BT-80, E-powered 3.5x upscale of the Estes Wizard, one of my favorite rockets of the 70's. As you might imagine, this was a fairly simple build, but that didn't stop me from finding a way to make a "gotcha" of my very own. I started the build back in 2002 after attending NARAM 43 with my brother-in-law. Tony had brought an Estes Phoenix to NARAM, and while we were sitting by the car between flights, a mystery man walked up with a package of mystery motors and asked if Tony would like to try them in the Phoenix. The packaging was obviously Estes, but all identifiers were whited out, including the card that identified the impulse. I don't remember if Tony ever flew the Phoenix that weekend, but I do remember thinking how cool an upscale of a minimum diameter Estes kit would fly on one of them. The Wizard, the bird that dropped my jaw on a C6-7 back in 1979, sounded like the perfect rocket to start with. Issues with upscaling the decal kept my interest level low for quite a long time, but that all changed recently when I found that Excelsior Rocketry offers the BT-80 decal, and it really changed when the decal arrived and I saw how great it looked. The only problem is that now I know that someone else likely has one of these sitting around somewhere.

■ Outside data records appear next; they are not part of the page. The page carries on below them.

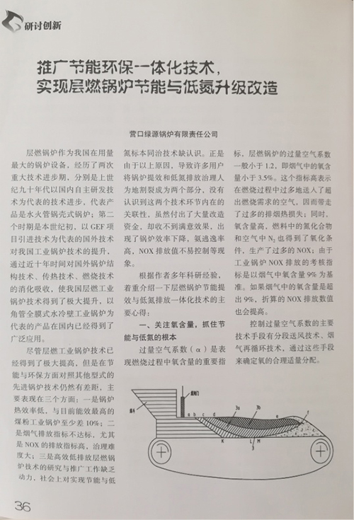 5.2017年3月我公司董事長(zhǎng)郭強(qiáng)在沈陽市供熱行業(yè)協(xié)會(huì)沈陽供熱行業(yè)內(nèi)部刊物中發(fā)表了“推廣節(jié)能環(huán)保一體化技術(shù),實(shí)現(xiàn)層燃鍋爐節(jié)能與低氮升級(jí)改造”的文章。
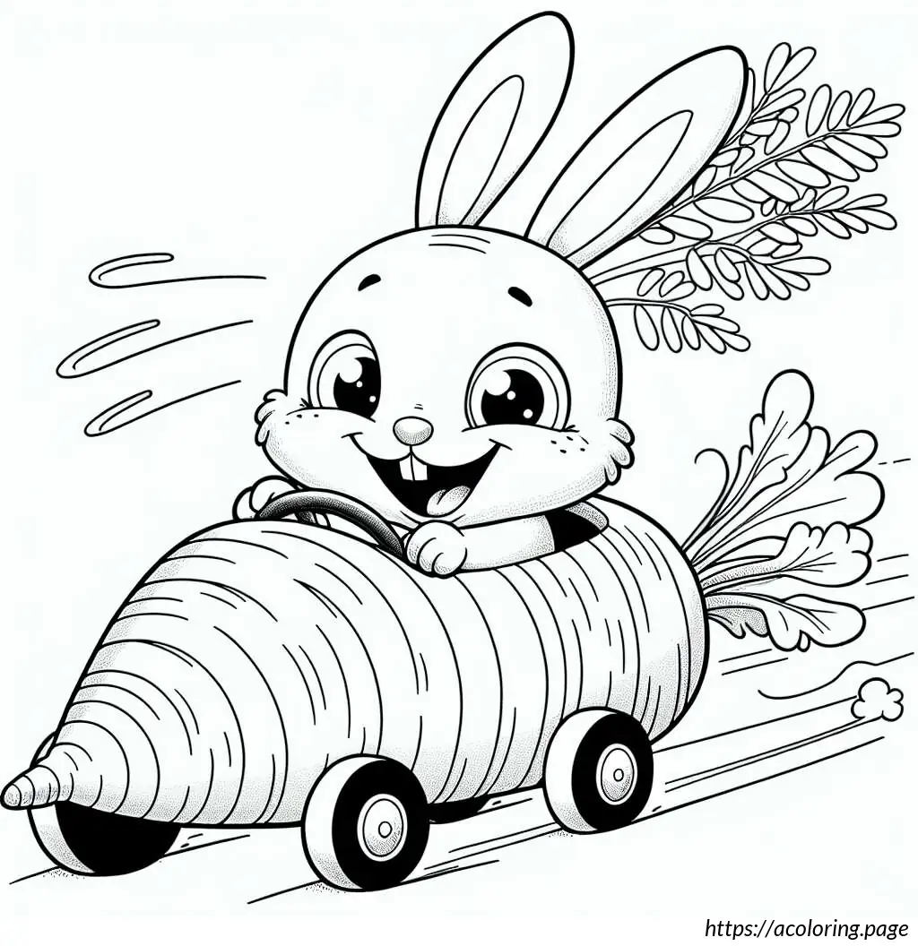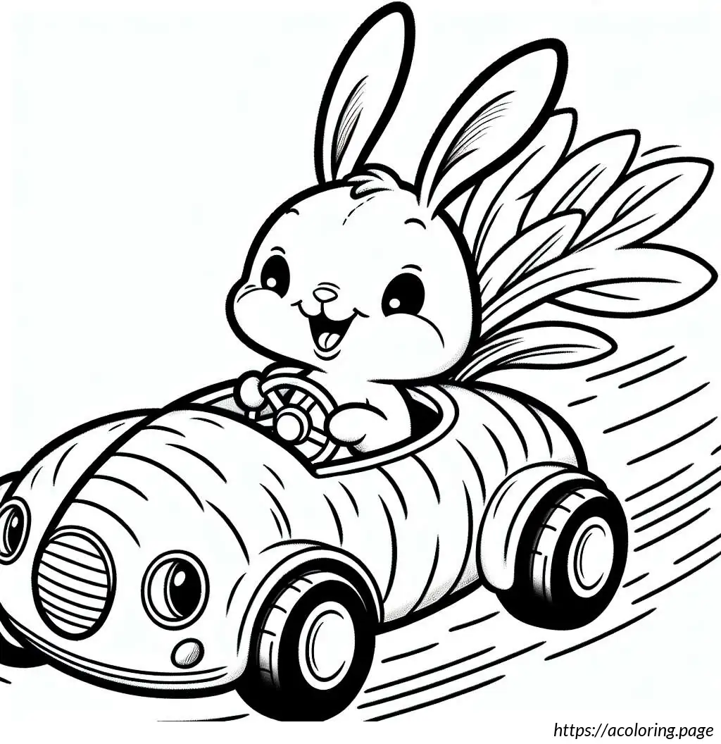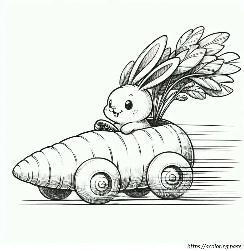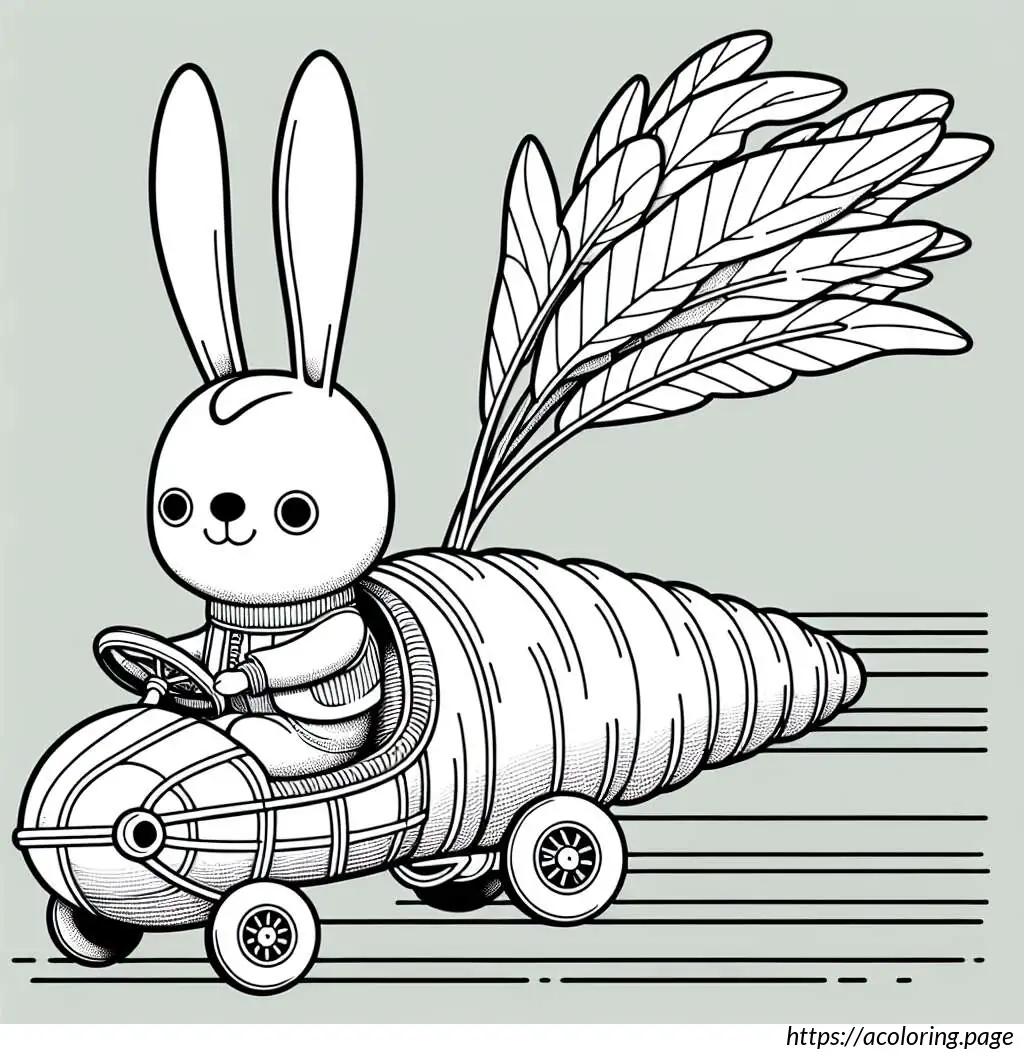 This image features a whimsical drawing of a rabbit driving a carrot-shaped car. The car, resembling an oversized carrot, has details like horizontal lines that pattern its surface mimicking the texture of a real carrot, a pointed end at the rear with foliage extending out, resembling the green top of a carrot.
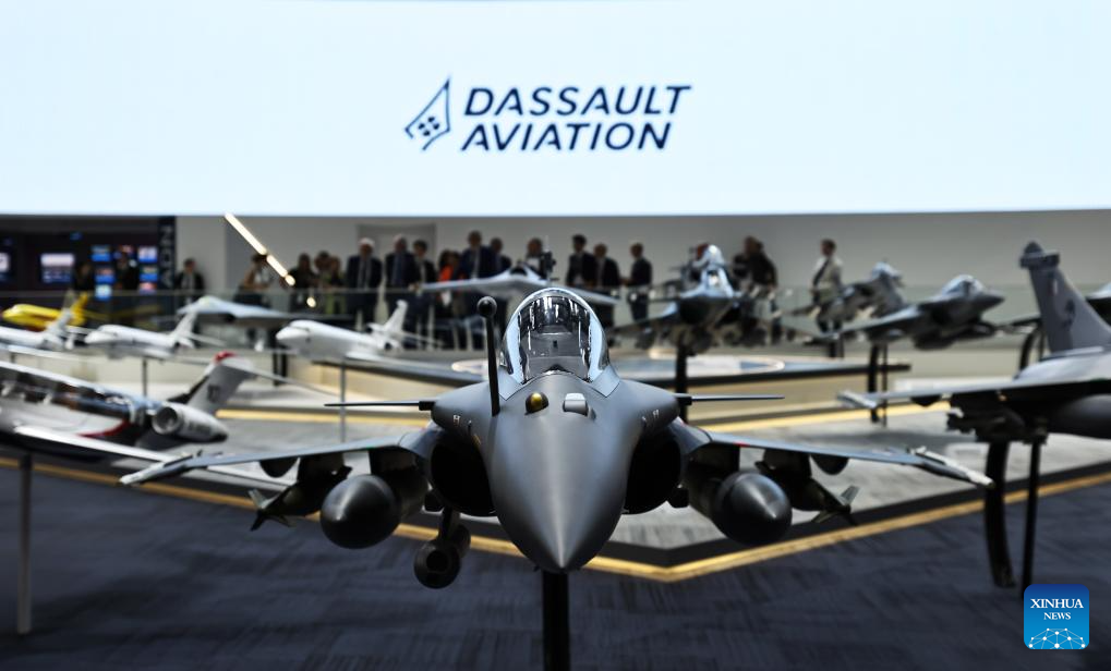 PARIS, 18 junio, 2025 (Xinhua) -- Imagen del 17 de junio de 2025 de personas visitando el estand de Dassault Aviation durante el 55 Salón Aeronáutico de París en el Aeropuerto de Le Bourget, cerca de París, Francia. La edición número 55 del Salón Aeronáutico de París fue oficialmente inaugurada el lunes y permanecerá abierta al público hasta el 22 de junio, con la participación de aproximadamente 2.400 expositores de 48 países y regiones. (Xinhua/Gao Jing)
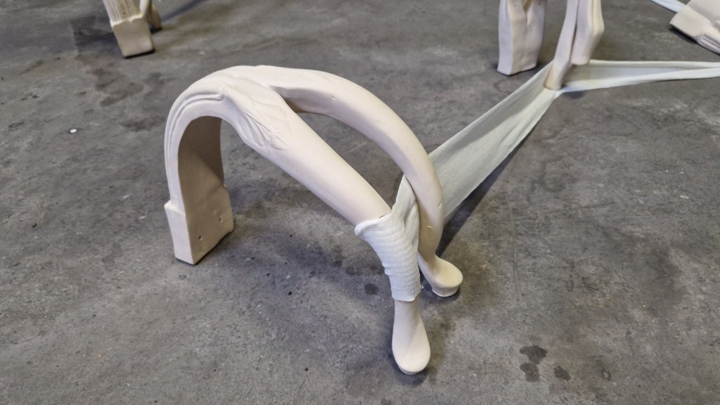 Each table leg carries its own story, its own wear and tear, yet all share one common feature: deformation. Flexibility, as seen in these curved and bent forms, is both a sign of resistance and vulnerability—a body that yields under the pressures of a society that demands without pause, but also requires rest. These legs are transformed into unique, hand-crafted, unglazed clay pieces, where the unfinished surfaces reflect the same abandonment of perfection that defines the human experience when faced with overwhelming demands. In this context, the table legs, with their inherent flexibility, seem to demand the right to rest—to not always be useful, to not always bear the weight of something else.
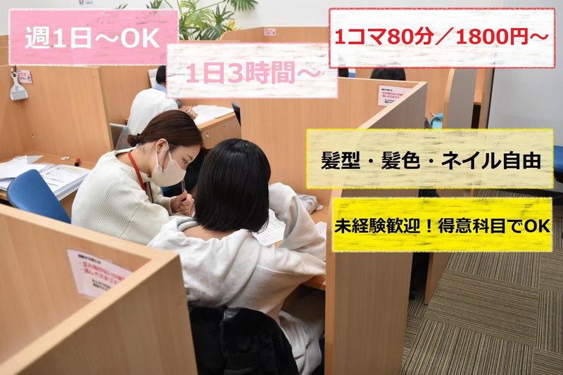仕事内容 *1日3時間からスキマ時間に働ける! *副業・Wワーク・扶養内・短時間OK! *1コマ80分で1800円!効率よく稼げる! *来春から新大学1年生(現高校3年生)も歓迎!友達同士の応募OK! ★現高3生で公募試験等で大学が内定した学生さんも大歓迎! できる範囲で仕事をお任せしますので、ぜひご応募下さい! 【仕事内容】 小学生、中学生、既卒を含む高校生への学習指導!担当生徒の通塾目標に向けて定期テストや受験に向けて指導を行います。教科は英語・数学中心に5教科から選択可。得意な教科だけでもOKですので、まずはあなたの希望指導教科を教えてください! 【人生経験が活きる!】 あなたが中学・高校生の時に試行錯誤して培ってきた、勉強の経験やノウハウを待っている生徒がいます!成功体験はもちろん、苦労話や失敗談も多ければ多いほど担当する生徒のためになりますよ。 【生徒は担当制】 当教室は、先生1名に対して生徒2名の1対2形式の個別指導スタイル。生徒は担当制なので、担当する生徒と半年~1年にわたって継続して指導をすることができるので、生徒の成長を見守りながら、中長期の目標達成に向けて指導することができます。 【これ以上にないやりがい】 自分が担当した当時は、まだまだ未熟だった生徒が、しっかり成長して受験合格の報告をしてくれた時などは、担当指導者としてこれ以上ない熱い思いがこみ上げます! 【未経験から始められる!】 授業は原則80分制。あらかじめ決められた時間帯に授業を行います。一回出勤で最低2コマの授業実施を推奨しています。また、教育カリキュラムが整っているので、未経験でもしっかり教室全体でバックアップするので安心して下さい。 【金髪もOKの職場!】 服装は自由(男性はオフィスカジュアル)、頭髪の色も自由です。実際に季節毎にスタッフの髪色が緑色やオレンジ色など七変化!外見よりも働きぶりを重視しますので、オシャレも楽しみながら塾講師としても働けます。 【掛け持ちバイトOK】 実際、飲食店バイトとの掛け持ち学生も多く在籍しています!週1コマだけでもOK!都合に合わせて働けるから長く続けられると思います!あなたの経験や知識を活かして働いてみませんか?

As you might imagine, this was a fairly simple build, but that didn't stop me from finding a way to make a "gotcha" of my very own. At the time of the initial build, I had become briefly enamored with epoxy putty as a possible fillet material. The first kit I tried to use it on was a Centuri ThunderRoc clone that came out looking like it had steroid-induced tumors, so I decided to cut back on the material used for this one. It still came out looking, uh, tumorous. I still think epoxy putty is a great idea for use in fillets, but I no longer think it's safe in my hands. Other than that, this bird went together with ease. No instructions to speak of, but since I've built every Wizard I've ever built incorrectly, (fins lined up with the rear of the body tube,) they're not really needed anyway.
The rocket was flightworthy soon after I started the project, but because of the tumorous fillets and difficulties reproducing the BT-20 decal at BT-80 size, it would be four years before I finally dragged it out for the first flight. It had been sprayed with Valspar gloss white all that time, but with the launch scheduled for the next day and with barely enough purple spray paint to get enough cover to suggest the purple aft section of the rocket, I did a quick spray until the rattle can blew air. From twenty five feet it looked okay. If you squinted. Let's not talk about close up.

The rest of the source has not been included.